2-OUVRIR DES MAGASINS AVANCÉS

Pour les pièces moins complexes, Bombardier a mis en place, depuis deux ans, des magasins avancés fournisseurs (MAF) gérés par des logisticiens externes (Soflog, Toyota Tsusho, TMF, Equipart et bientôt Daher). Les fournisseurs y mettent à disposition de Bombardier, un stock de pièces équivalant au besoin de deux ou trois véhicules. L'industriel se sert selon l'avancement de sa production. Les équipes des MAF s'occupent de la préparation de commande et placent les pièces dans des kits spécifiques à chaque véhicule. Démarrés en 2009 pour le contrat Nouvelle automotrice francilien, généralisés sur le contrat du RER Mi09, ces MAF sont tous implantés dans le Nord. Mais Bombardier a l'oeil à tout. « Quatre personnes de mon équipe méthode logistique travaillent à la standardisation des outillages et forment les fournisseurs à ce concept ». Seule exception : la quincaillerie (vis, boulons...). Gérée par Bossart, elle est livrée, au poids, dans des balances en bord de ligne selon les besoins.

3-DONNER DE LA VISIBILITÉ

Pour informer en temps réel les fournisseurs des besoins des lignes de montage, Bombardier possède depuis deux ans et demi un portail web. Mis à la disposition d'environ 180 fournisseurs, il aide au calcul MRP (Material Requirement Planning), qui permet de reprendre automatiquement les échéanciers des besoins de livraison, en tenant compte des manques de pièces dues aux aléas des fabrications industrielles (casses, pertes). « Plus de neuf fois sur dix, le manque de pièces sur les chaînes était dû à des informations non fournies à nos fournisseurs », reconnaît Pascal Fillion. Une personne à temps plein se consacre à la mise au point du portail et à l'accompagnement des fournisseurs, leur adhésion n'étant pas toujours facile.
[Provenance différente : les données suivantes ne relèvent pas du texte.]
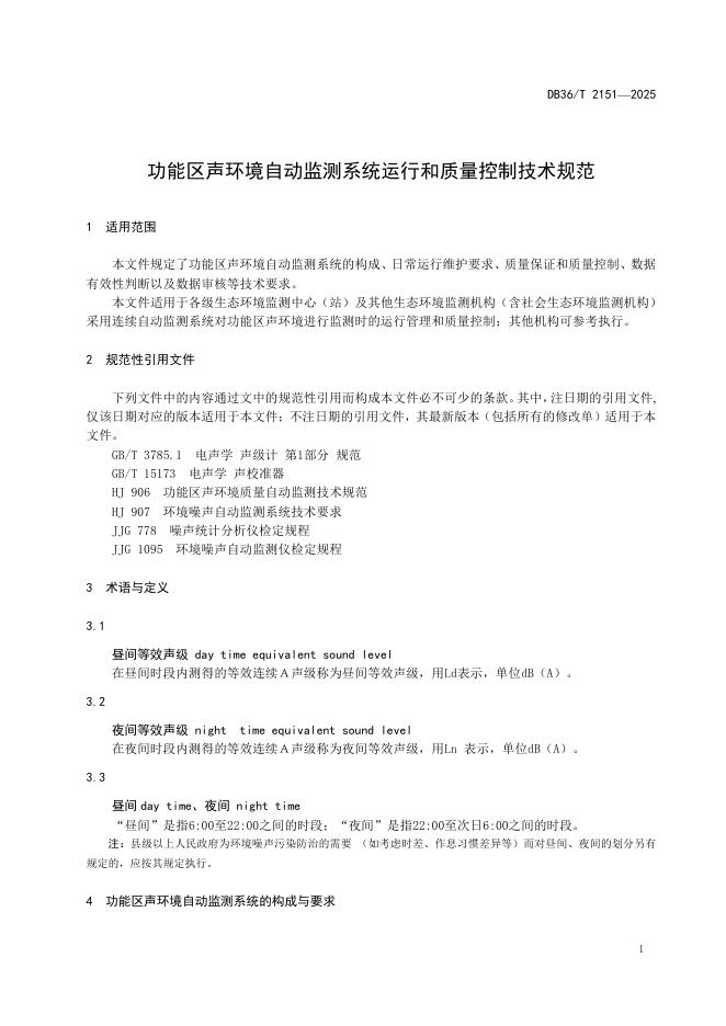 DB36/T 2151-2025 功能区声环境自动监测系统运行和质量控制技术规范

4-INTERCONNECTER LES SYSTÈMES INFORMATIQUES

Enfin, depuis mars 2010, l'équipe de Pascal Fillion développe un outil informatique d'EDI (Échange de données informatisées), pour interconnecter le système d'information de Bombardier avec celui de ses fournisseurs. Testé par Freinrail, Faiveley, Beimo, Lequien, Sirail et le logisticien Softlog, il leur permet d'avoir une vision précise des pièces en transit ou réceptionnées et d'éditer eux-mêmes leurs bordereaux de livraison au standard du constructeur. Fini les risques d'erreurs et les attentes de paiements pour cause de litiges. Avec l'aide de Jean-Pierre Tyberghein, un consultant en organisation, l'ergonomie du portail a été étudiée pour en faciliter sa prise en main. D'ici à la fin 2011, une centaine de fournisseurs devrait en être équipée. « Mes échéanciers de besoins changent toutes les semaines. L'étape suivante consistera à les injecter dans leur système d'information pour éviter les saisies manuelles », se félicite Pascal Fillion. Les fournisseurs disposeront alors de tous les outils nécessaires pour livrer juste à temps.